§ What this task involves: Starting with the line that holds "Charming pink mini" and stopping after the line that holds "Спальня Джулия –", repeat the lines below word for word, without the pictures.

§ Extracted data:
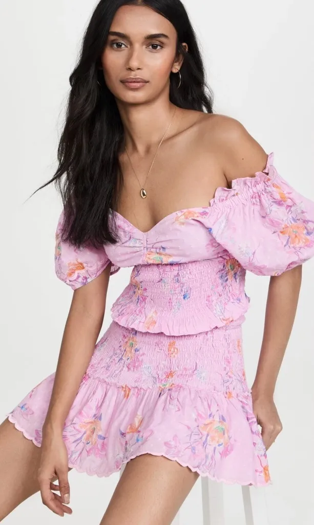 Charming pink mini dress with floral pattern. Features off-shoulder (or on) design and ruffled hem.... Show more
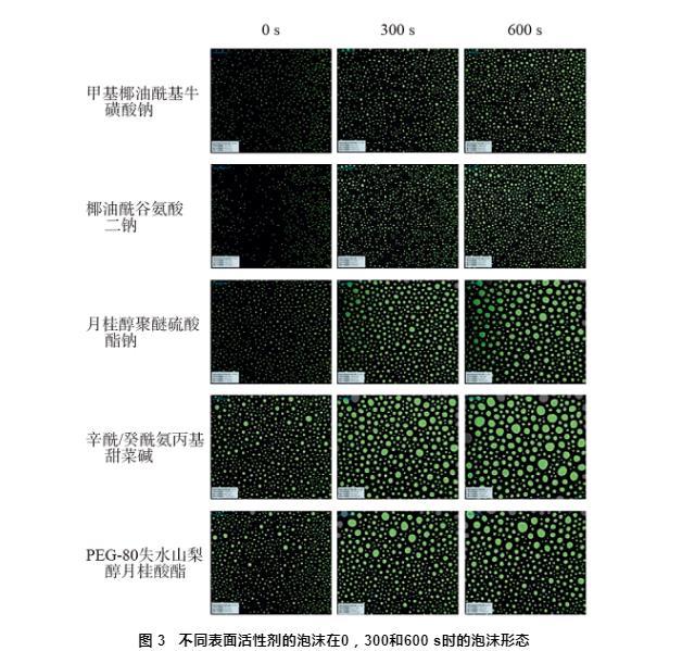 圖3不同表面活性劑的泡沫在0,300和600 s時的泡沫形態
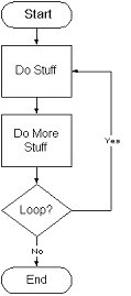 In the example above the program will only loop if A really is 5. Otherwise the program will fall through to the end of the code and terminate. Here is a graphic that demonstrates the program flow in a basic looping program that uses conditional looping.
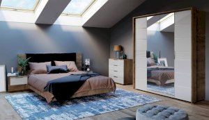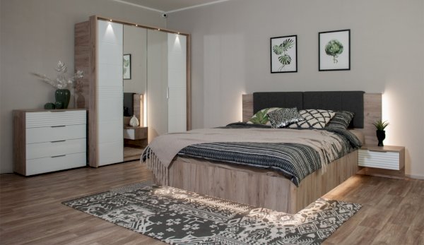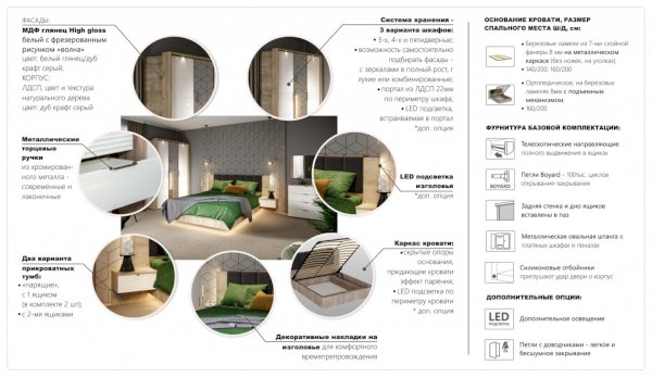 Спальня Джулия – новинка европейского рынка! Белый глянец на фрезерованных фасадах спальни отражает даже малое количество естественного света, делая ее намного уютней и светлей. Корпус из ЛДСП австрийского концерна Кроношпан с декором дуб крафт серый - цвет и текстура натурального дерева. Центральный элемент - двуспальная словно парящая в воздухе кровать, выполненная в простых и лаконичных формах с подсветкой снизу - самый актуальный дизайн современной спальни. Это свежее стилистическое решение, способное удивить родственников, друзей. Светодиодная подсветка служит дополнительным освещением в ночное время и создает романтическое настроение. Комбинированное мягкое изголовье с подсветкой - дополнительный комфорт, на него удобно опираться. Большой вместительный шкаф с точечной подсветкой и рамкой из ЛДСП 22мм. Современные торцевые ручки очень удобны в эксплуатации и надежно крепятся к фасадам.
...
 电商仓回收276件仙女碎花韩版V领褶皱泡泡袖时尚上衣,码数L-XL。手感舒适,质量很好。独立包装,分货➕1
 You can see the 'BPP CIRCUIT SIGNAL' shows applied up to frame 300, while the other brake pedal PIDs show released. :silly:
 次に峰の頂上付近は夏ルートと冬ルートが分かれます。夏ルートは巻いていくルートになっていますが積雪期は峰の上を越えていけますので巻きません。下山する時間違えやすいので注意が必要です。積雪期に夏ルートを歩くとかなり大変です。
* * *
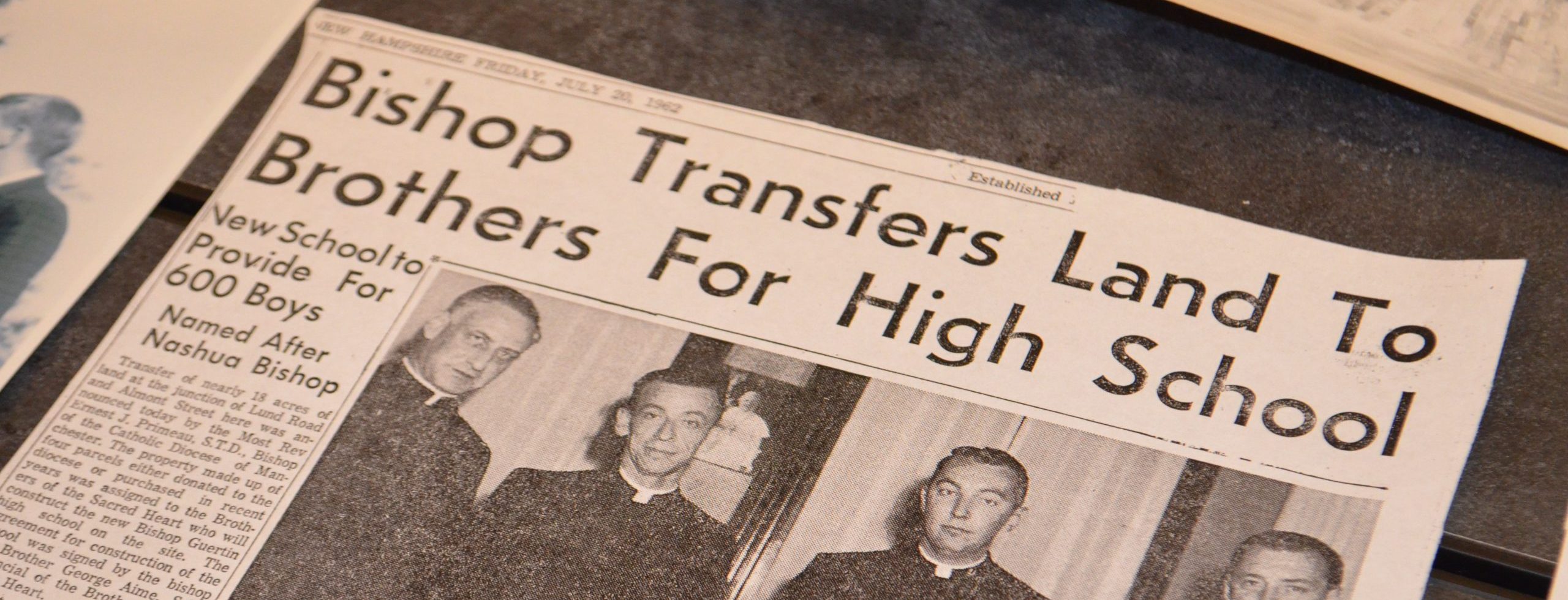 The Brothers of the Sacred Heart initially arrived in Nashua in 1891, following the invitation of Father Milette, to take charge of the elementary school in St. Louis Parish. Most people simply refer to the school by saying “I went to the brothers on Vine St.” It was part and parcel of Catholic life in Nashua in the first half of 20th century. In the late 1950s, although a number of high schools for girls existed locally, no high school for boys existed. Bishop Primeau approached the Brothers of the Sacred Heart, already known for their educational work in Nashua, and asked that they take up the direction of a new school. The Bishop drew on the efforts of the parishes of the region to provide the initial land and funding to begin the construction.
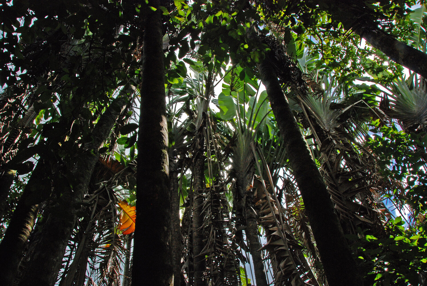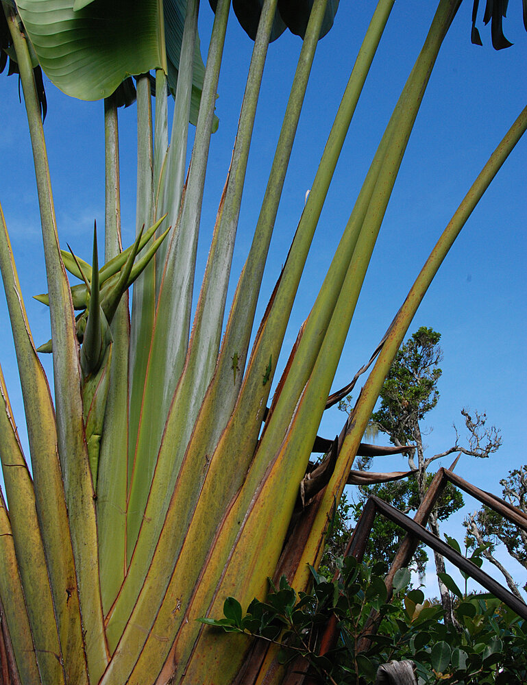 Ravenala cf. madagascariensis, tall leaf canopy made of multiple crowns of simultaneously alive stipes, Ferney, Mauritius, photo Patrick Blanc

§ Response box:
 Charming pink mini dress with floral pattern. Features off-shoulder (or on) design and ruffled hem.... Show more
 圖3不同表面活性劑的泡沫在0,300和600 s時的泡沫形態
 In the example above the program will only loop if A really is 5. Otherwise the program will fall through to the end of the code and terminate. Here is a graphic that demonstrates the program flow in a basic looping program that uses conditional looping.
 Спальня Джулия – новинка европейского рынка! Белый глянец на фрезерованных фасадах спальни отражает даже малое количество естественного света, делая ее намного уютней и светлей. Корпус из ЛДСП австрийского концерна Кроношпан с декором дуб крафт серый - цвет и текстура натурального дерева. Центральный элемент - двуспальная словно парящая в воздухе кровать, выполненная в простых и лаконичных формах с подсветкой снизу - самый актуальный дизайн современной спальни. Это свежее стилистическое решение, способное удивить родственников, друзей. Светодиодная подсветка служит дополнительным освещением в ночное время и создает романтическое настроение. Комбинированное мягкое изголовье с подсветкой - дополнительный комфорт, на него удобно опираться. Большой вместительный шкаф с точечной подсветкой и рамкой из ЛДСП 22мм. Современные торцевые ручки очень удобны в эксплуатации и надежно крепятся к фасадам.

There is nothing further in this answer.